GammaDist regarding the Gamma distribution. RNG about random number generation in R. Distributions for other standard distributions.

Examples

Run this code
r <- rtggd_log(100,a=-2)
hist(r)

##Ideally the output below should equal 0, in practice it will be very close:
qtggd_log(ptggd_log(r))-r

#These should be the same:
integrate(dtggd_log,lower=10,upper=11,a=-1.5,b=0.7,xmin=10)
ptggd_log(11,a=-1.5,b=0.7,xmin=10)

#This should be very close to 1 (for a true PDF):
ptggd_log(18,a=-1.5,b=0.7,xmin=10)

#To show the link to the linear and ln variants (and the slight inaccuracies) these
#outputs should be a sequence from 0 to 1 (by=0.1):
ptggd_ln(log(qtggd(seq(0,1,by=0.1))))
ptggd_ln(qtggd_log(seq(0,1,by=0.1))*log(10))

#Here we make a double Schechter galaxy stellar mass function down to a target stellar
#mass (xmin) of log10(SM)=8.

#Using data from Baldry (2012):
#Mixture 1 has M* (scale)=10.66, a=-1.47, b=1, phi*=0.79e-3
#Mixture 2 has M* (scale)=10.66, a=-0.35, b=1, phi*=3.96e-3

#phi* is defined such that: dtggd_log(M*,M*,a,b,xmin)=phi*.log(10).exp(-1)
#for any a, b and xmin.

#We want to fit for the ratio of phi*: 0.79/3.96=0.2

#Relatively speaking, we can define new scaling values for sampling with:
M1norm=0.2/dtggd_log(10.66,10.66,-1.47,1,xmin=8)
M2norm=1/dtggd_log(10.66,10.66,-0.35,1,xmin=8)
Mtot=M1norm+M2norm
#Say we want to sample 1e5 galaxies, we can then do:
Nsamp=1e5
set.seed(100)
GalSample=c(rtggd_log(Nsamp*M1norm/Mtot,10.66,-1.47,1,xmin=8),
rtggd_log(Nsamp*M2norm/Mtot,10.66,-0.35,1,xmin=8))
temp=hist(GalSample,breaks=seq(8,12,by=0.1), plot=FALSE)
#We can then make a plot to compare to Fig 13 of Baldry (2012)
#(the lines are approximate, using trapazoid integration for the bins):
plot(temp$mids,temp$counts,log='y')
lines(seq(8,12,by=0.01), dtggd_log(seq(8,12,by=0.01),10.66,-1.47,1,xmin=8)*
Nsamp*M1norm/Mtot/10,col='blue')
lines(seq(8,12,by=0.01), dtggd_log(seq(8,12,by=0.01),10.66,-0.35,1,xmin=8)*
Nsamp*M2norm/Mtot/10,col='red')
lines(seq(8,12,by=0.01), dtggd_log(seq(8,12,by=0.01),10.66,-1.47,1,xmin=8)*
Nsamp*M1norm/Mtot/10 + dtggd_log(seq(8,12,by=0.01),10.66,-0.35,1,xmin=8)*
Nsamp*M2norm/Mtot/10,col='black')

if (FALSE) {
#Now we can try to fit the mixed model. The trick here is we fit for the mixture using
#an additional parameter, where one component is multiplied by par[4] and the other
#1-par[4]. We define it so M1norm/Mtot=par[4] and M1norm/Mtot=1-par[4].
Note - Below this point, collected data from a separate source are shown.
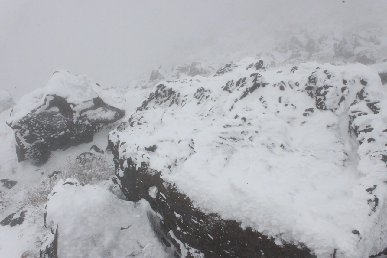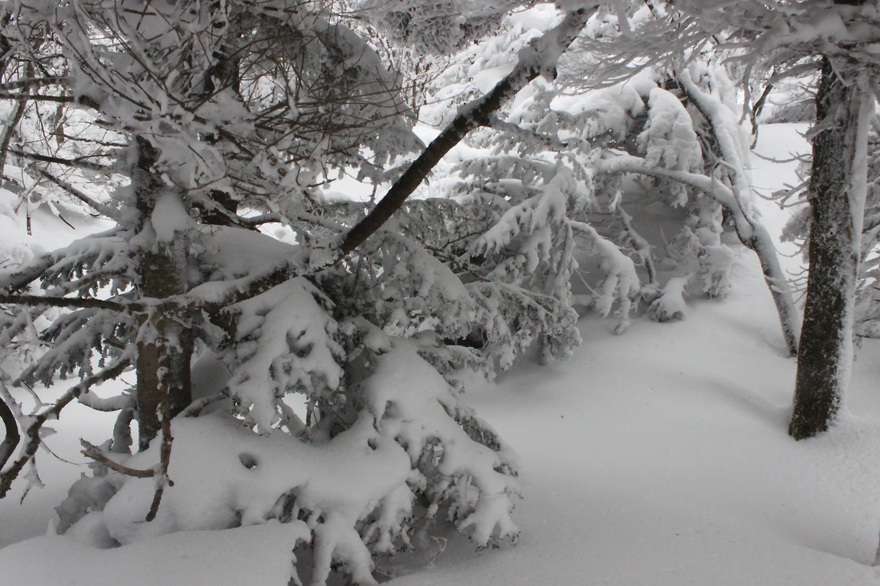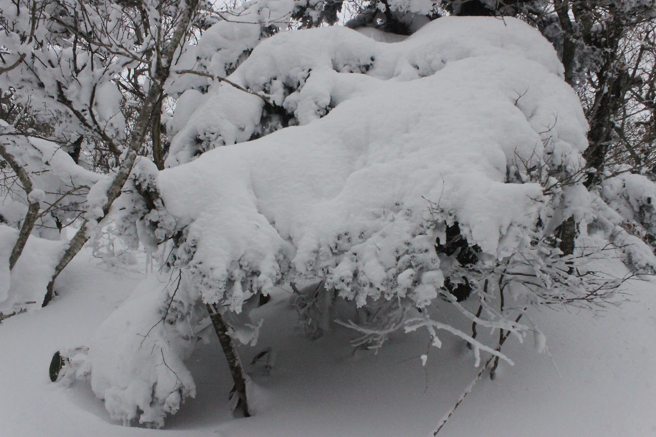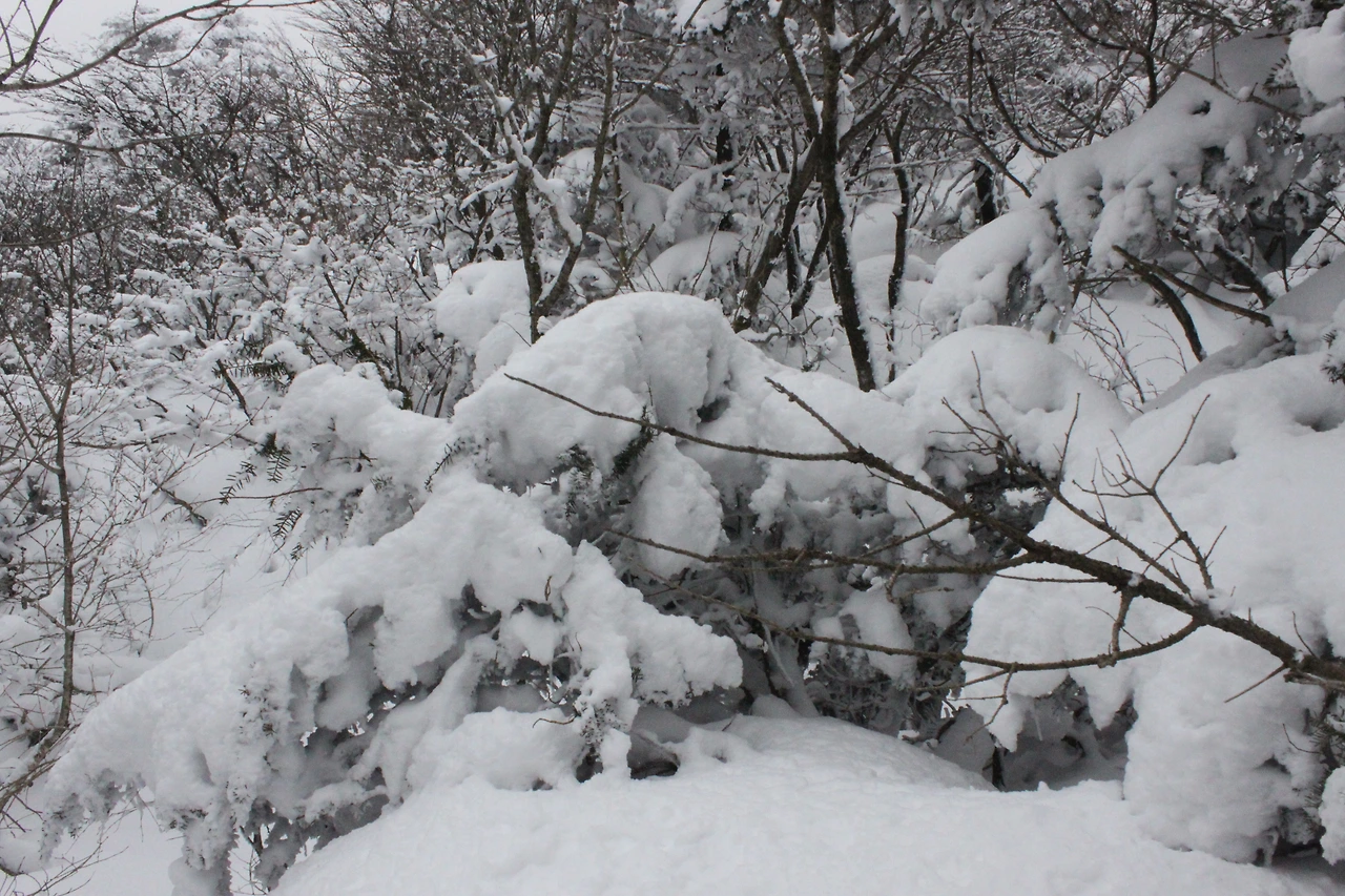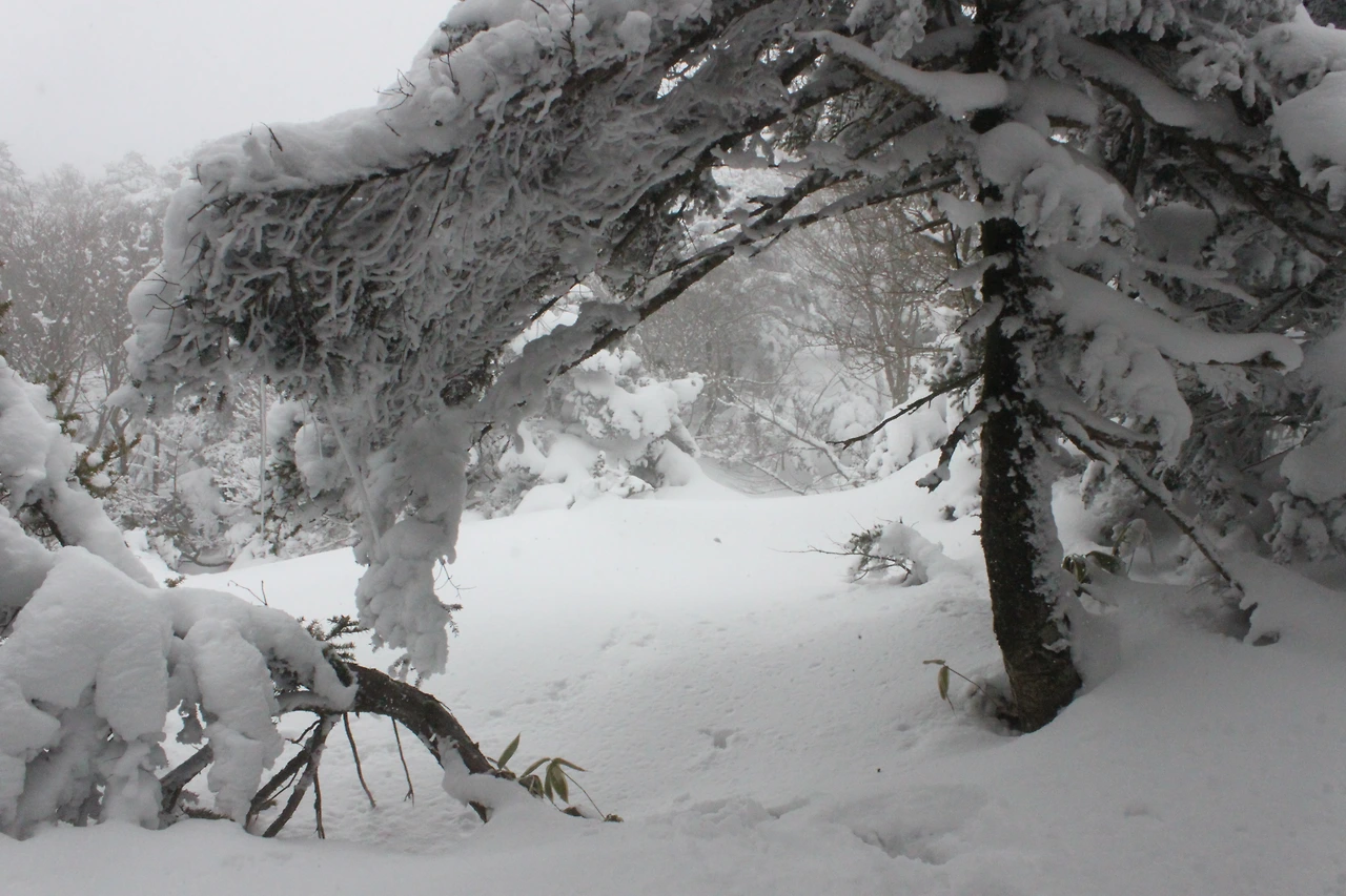 대피소를 통과해 경사가 점점 심해지는 길을 올라가다 보니 나무에 눈꽃이 마치 뼈대를 이룬 집처럼 그 하얀 속 뼈대들은 보여주어 마치 은은하고 찬란한 후광처럼 빛을 발한다.
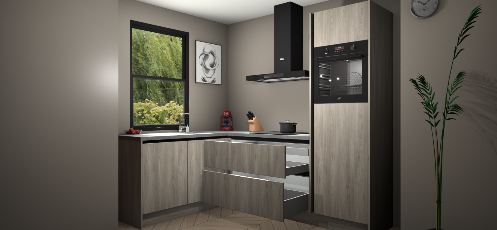 Inclusief plinten, stelpoten en werkblad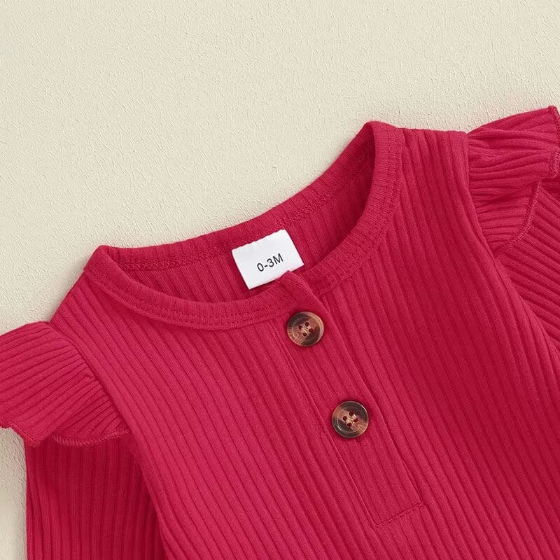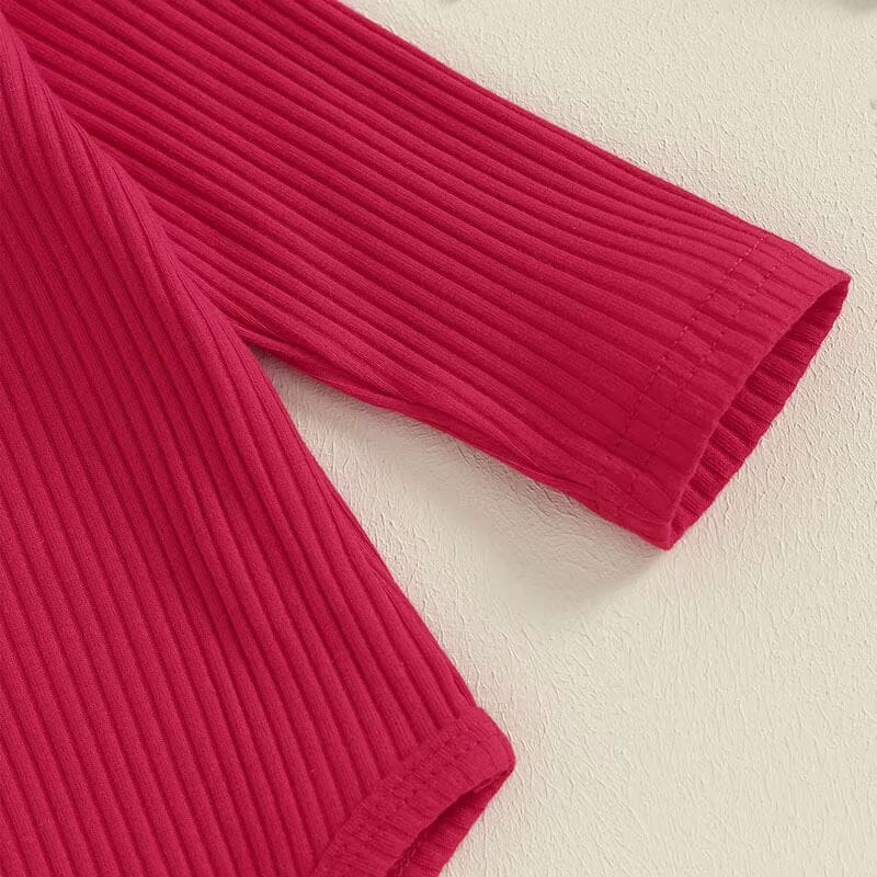 Deck your little one in our adorable Christmas ensemble, designed to spread holiday cheer and capture hearts. This charming set features a vibrant red bodysuit with elegant button details and cozy ribbed texture, ensuring your baby stays snug and stylish. Paired with it are playful bell-bottom pants adorned with a festive Santa print, complete with hearts and bows, adding a touch of whimsy to the holiday festivities. Gift your little angel this delightful outfit for a season filled with joy and adorable moments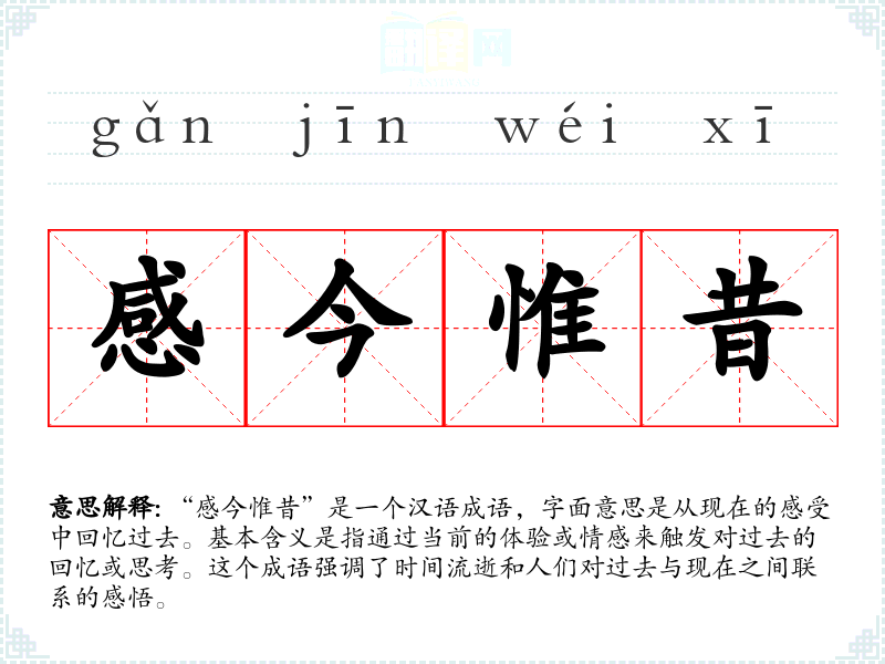 “感今惟昔”这个成语的词源较为模糊,但它体现了汉语中对时间流逝和回忆的深刻理解。在古代文学作品中,类似的表达方式就已经出现,随着时间的推移,这个成语逐渐被广泛使用并固定下来。
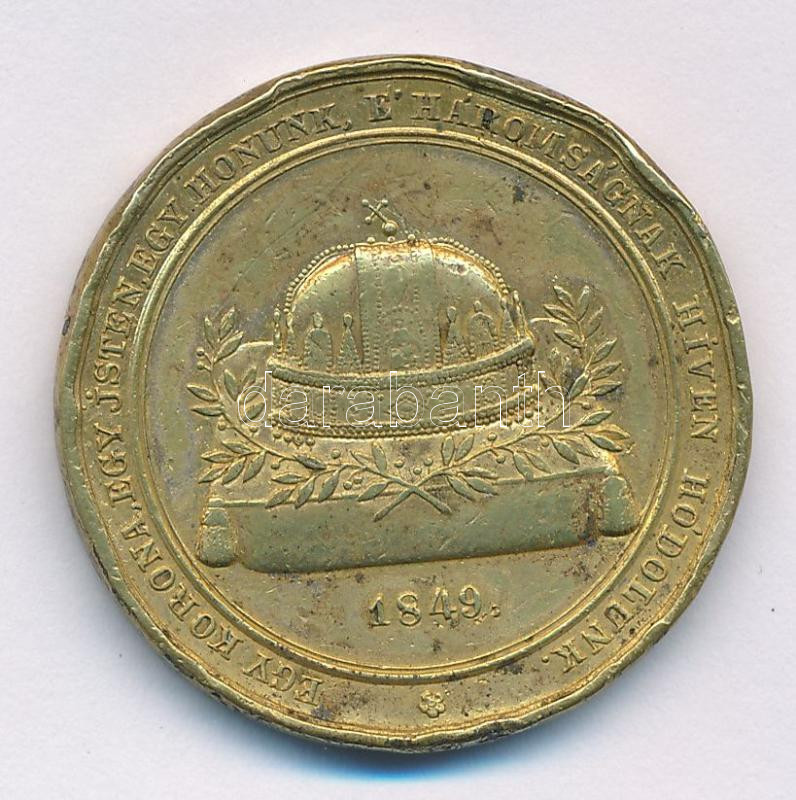 1849. "Kossuth Lajos a Magy. Orsz.Vezérje - Szül:27-dik, Ap: hav:1806. / Egy korona, egy Isten, egy honunk, E' háromságnak híven hódolunk" kétoldalas Cu emlékérem (30mm) T:VF patina, ph, ü. / Hungary 1849. "Lajos Kossuth, leader of Hungary / One Crown, One God, One Country, We worship this Trinity" two-sided Cu commemorative medallion (30mm) C:VF patina, edge error, ding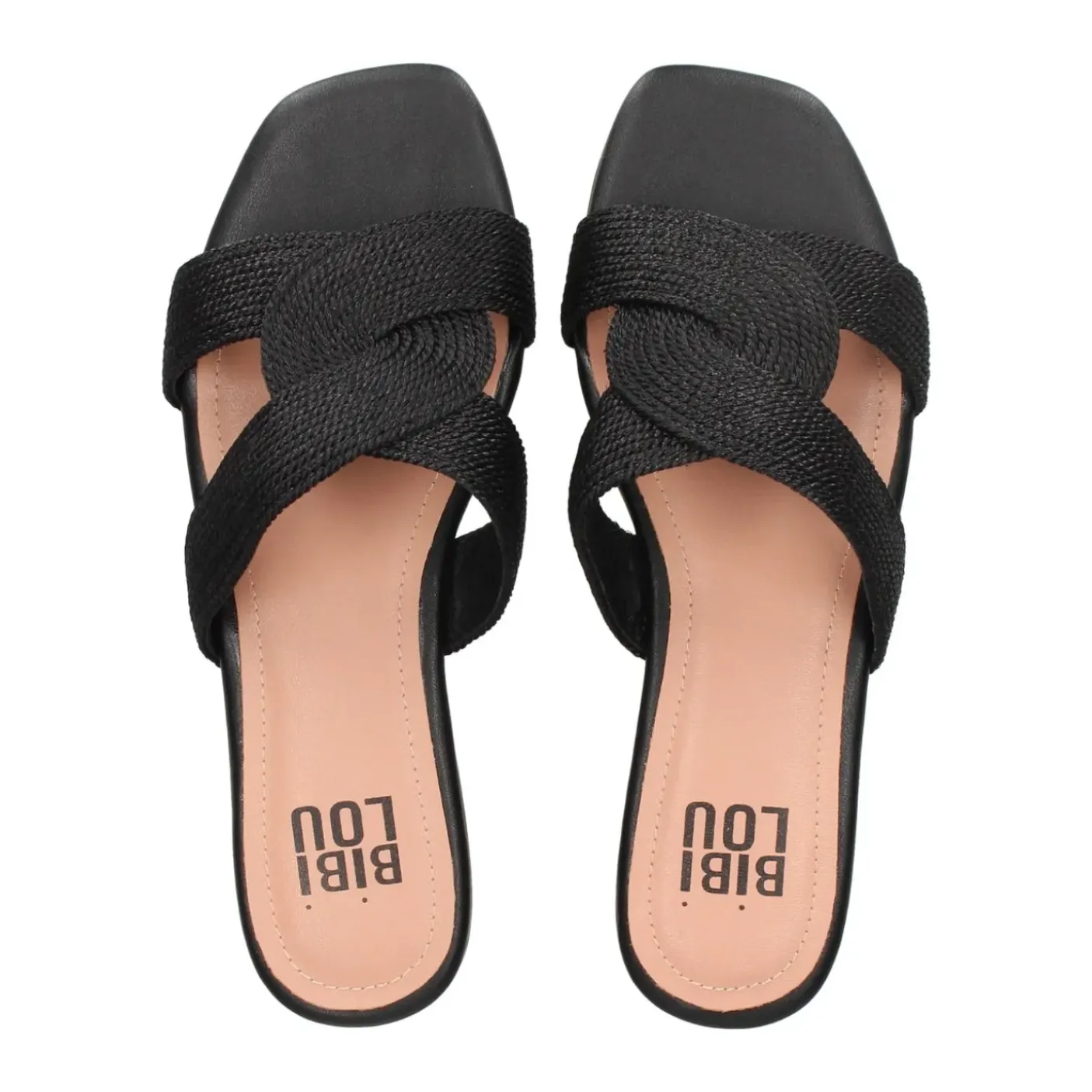 Sandali realizzati in tessuto similcorda ed ecopelle. Rivestito internamente in pelle. Punta squadrata. Fondo in gomma. Tacco 1,5 cm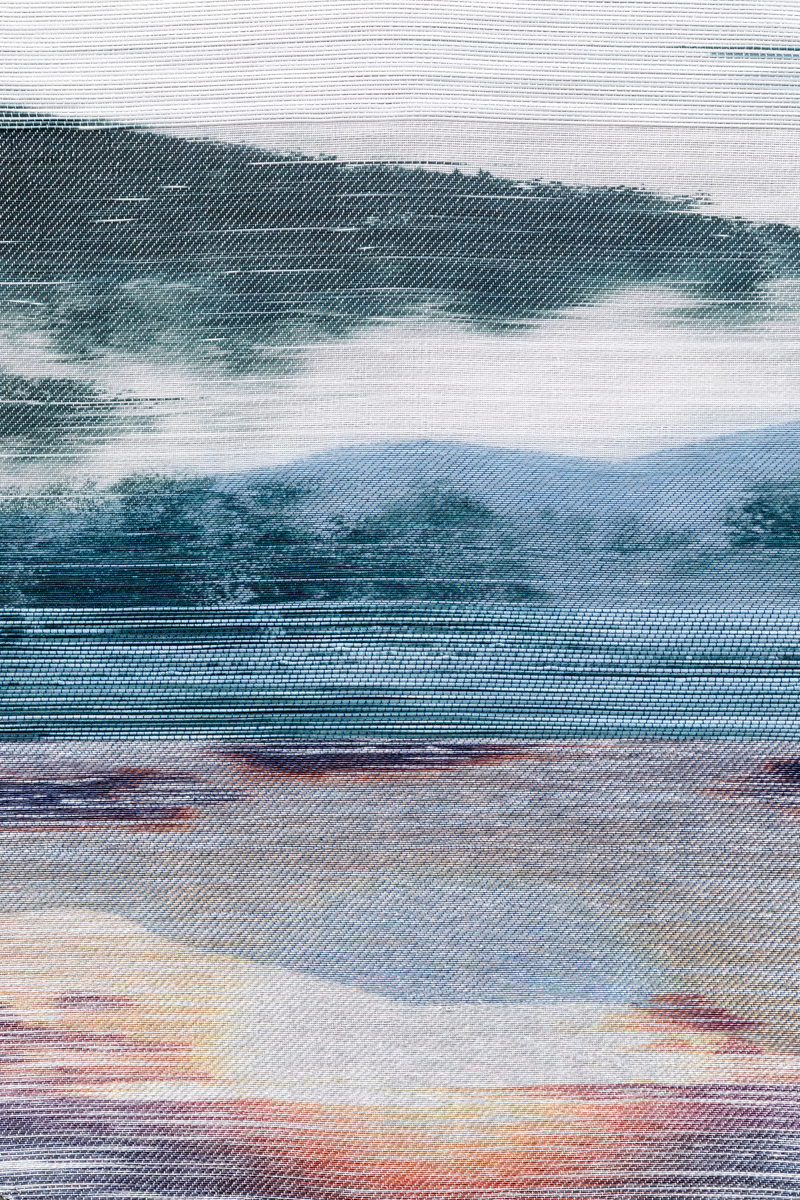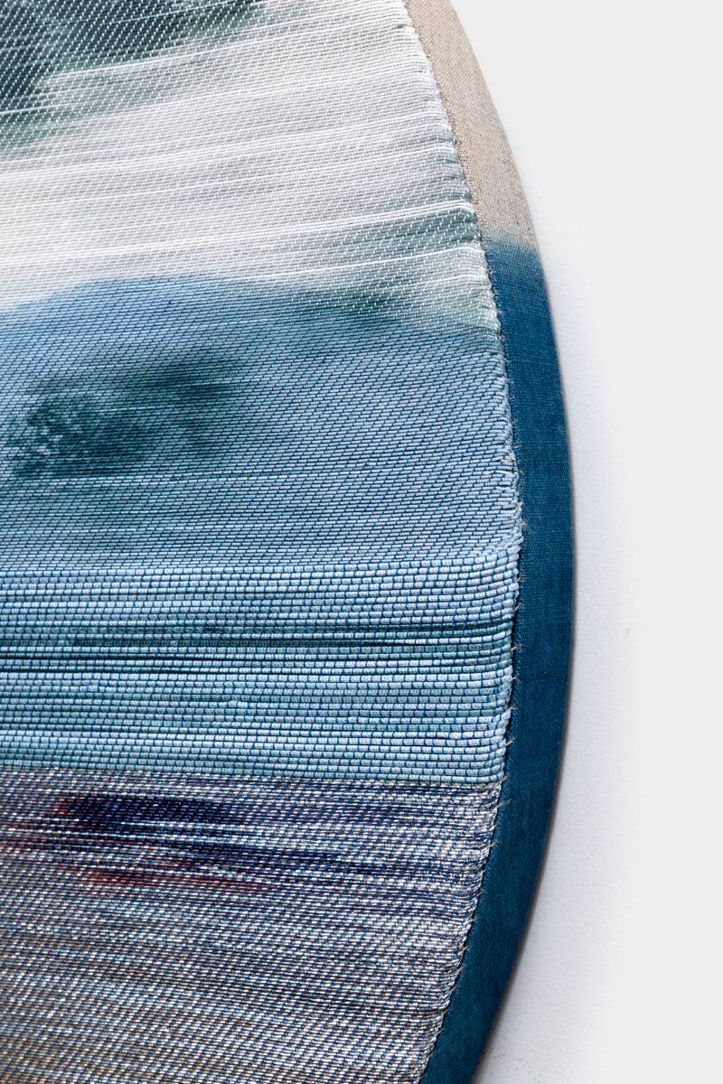 Handwoven polymer, linen, sterling silver-leafed thread, dye sublimation ink, and indigo dye mounted on indigo-dyed linen canvas

mixlike=function(par,data){
return(-sum(log(
dtggd_log(data,par[1],par[2],1,8)*par[4]+     #Contribution of mix 1 to the likelihood
dtggd_log(data,par[1],par[3],1,8)*(1-par[4])  #Contribution of mix 2 to the likelihood
)))
}
GSMFfit=optim(par=c(10,-2,0,0.5), fn=mixlike, data=GalSample, hessian=TRUE)
#The fit is probably not fantastic though. Generalised Gamma distributions (including
#truncated ones) display poor convergence properties using ML. Full MCMC is a better
#route when trying to fit GSMF type data. And the data certainly should *not* be binned!

#The maximum likelihood parameters:
GSMFfit$par
#The marginal errors using the diagonal of the inverse hessian:
sqrt(diag(solve(GSMFfit$hessian)))

#The M1norm/Mtot mixture output is ~0.8.
#To get back to original ratio of phi1*/phi2* (~0.2):

(GSMFfit$par[4]*dtggd_log(10.66,10.66,-1.47,1,xmin=8))/
((1-GSMFfit$par[4])*dtggd_log(10.66,10.66,-0.35,1,xmin=8))

#In general the final phi* will still need a further global normalisation, e.g.
#to count within a set window of stellar mass and volume (redshift and sky area).